To solve for x in the equation 10^x^2 + x - 2 = 1, we first need to simplify the equation by moving the 1 to the left side:
10^x^2 + x - 2 - 1 = 0 10^x^2 + x - 3 = 0
Now we need to find the values of x that satisfy this equation. This is a quadratic equation in terms of x, so we can use the quadratic formula to find the solutions:
x = (-b ± √(b^2 - 4ac)) / 2a
In this case, a = 10, b = 1, and c = -3. Plugging these values into the formula:
x = (-(1) ± √((1)^2 - 4(10)(-3))) / 2(10) x = (-1 ± √(1 + 120)) / 20 x = (-1 ± √121) / 20 x = (-1 ± 11) / 20
This gives us two possible solutions for x:
x = (11 - 1) / 20 = 10 / 20 = 0.5 or x = (-1 - 11) / 20 = -12 / 20 = -0.6
Therefore, the solutions to the equation 10^x^2 + x - 2 = 1 are x = 0.5 and x = -0.6.

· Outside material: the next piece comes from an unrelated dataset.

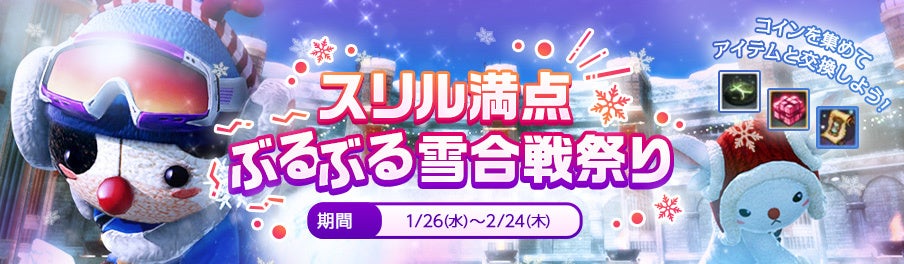 イベント期間中に開催する3vs3のチーム戦で雪玉を投げ合って戦う“雪合戦”に参加すると、「雪合戦祭り記念コイン」を獲得する

To solve for x in the equation 10^x^2 + x - 2 = 1, we first need to simplify the equation by moving the 1 to the left side:
10^x^2 + x - 2 - 1 = 0
10^x^2 + x - 3 = 0
Now we need to find the values of x that satisfy this equation. This is a quadratic equation in terms of x, so we can use the quadratic formula to find the solutions:
x = (-b ± √(b^2 - 4ac)) / 2a
In this case, a = 10, b = 1, and c = -3. Plugging these values into the formula:
x = (-(1) ± √((1)^2 - 4(10)(-3))) / 2(10)
x = (-1 ± √(1 + 120)) / 20
x = (-1 ± √121) / 20
x = (-1 ± 11) / 20
This gives us two possible solutions for x:
x = (11 - 1) / 20 = 10 / 20 = 0.5
or
x = (-1 - 11) / 20 = -12 / 20 = -0.6
Therefore, the solutions to the equation 10^x^2 + x - 2 = 1 are x = 0.5 and x = -0.6.